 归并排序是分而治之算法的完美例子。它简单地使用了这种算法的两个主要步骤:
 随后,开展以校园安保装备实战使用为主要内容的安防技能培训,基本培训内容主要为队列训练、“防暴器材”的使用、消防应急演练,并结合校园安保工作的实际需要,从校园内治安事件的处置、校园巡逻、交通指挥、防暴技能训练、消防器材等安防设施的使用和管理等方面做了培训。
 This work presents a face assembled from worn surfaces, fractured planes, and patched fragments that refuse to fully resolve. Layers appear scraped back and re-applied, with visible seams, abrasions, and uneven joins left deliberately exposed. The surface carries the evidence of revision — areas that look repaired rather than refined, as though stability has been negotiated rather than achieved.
...
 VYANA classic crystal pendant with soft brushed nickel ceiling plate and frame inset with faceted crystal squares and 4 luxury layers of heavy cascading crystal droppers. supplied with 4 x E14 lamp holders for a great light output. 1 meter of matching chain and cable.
==
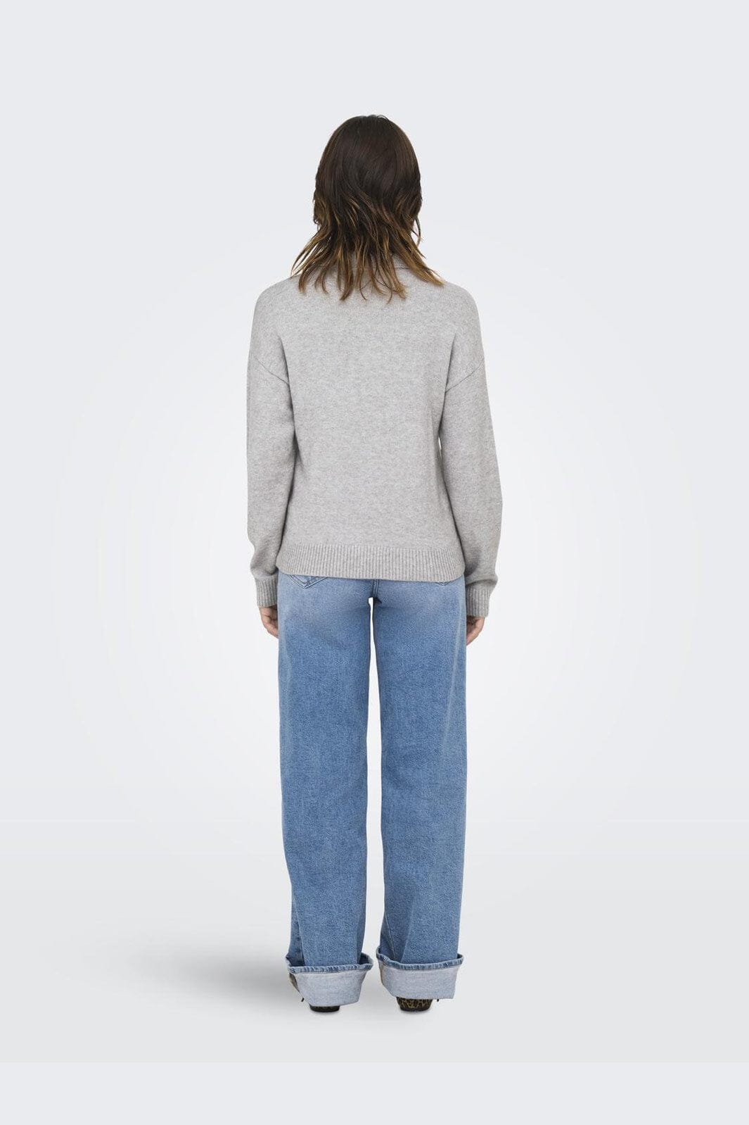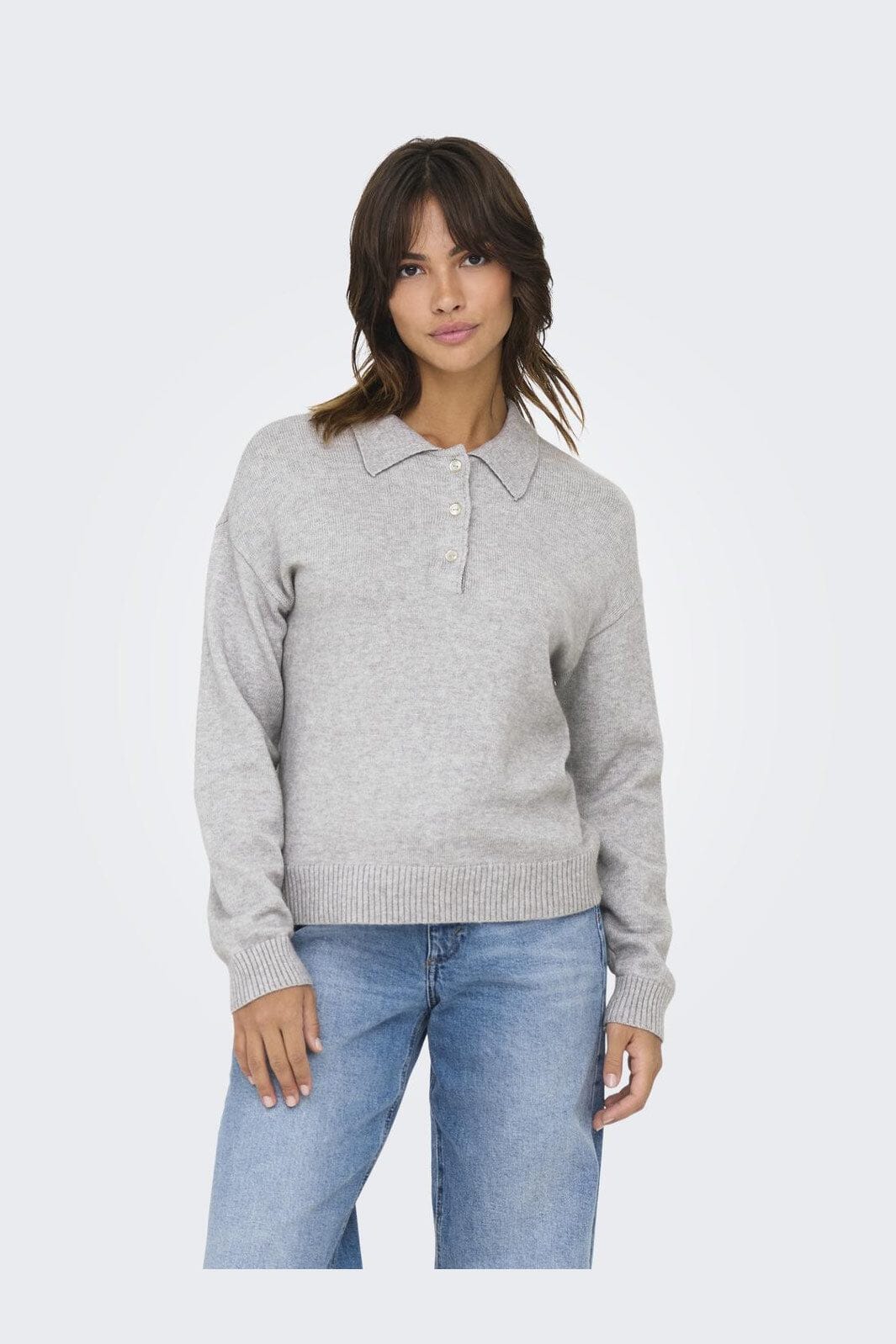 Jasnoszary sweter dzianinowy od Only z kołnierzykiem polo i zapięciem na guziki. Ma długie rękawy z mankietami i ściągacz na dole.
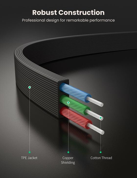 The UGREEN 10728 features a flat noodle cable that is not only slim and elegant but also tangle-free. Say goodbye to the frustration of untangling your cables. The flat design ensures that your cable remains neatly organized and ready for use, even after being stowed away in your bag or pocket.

[INSTRUCTIONS TO FOLLOW]:
Taking the records above, retype every line from the one with "随后,开展以校园安保装备实战" down to the one with "This work presents", exactly and with nothing else.

[YOUR RESPONSE]:
 随后,开展以校园安保装备实战使用为主要内容的安防技能培训,基本培训内容主要为队列训练、“防暴器材”的使用、消防应急演练,并结合校园安保工作的实际需要,从校园内治安事件的处置、校园巡逻、交通指挥、防暴技能训练、消防器材等安防设施的使用和管理等方面做了培训。
 This work presents a face assembled from worn surfaces, fractured planes, and patched fragments that refuse to fully resolve. Layers appear scraped back and re-applied, with visible seams, abrasions, and uneven joins left deliberately exposed. The surface carries the evidence of revision — areas that look repaired rather than refined, as though stability has been negotiated rather than achieved.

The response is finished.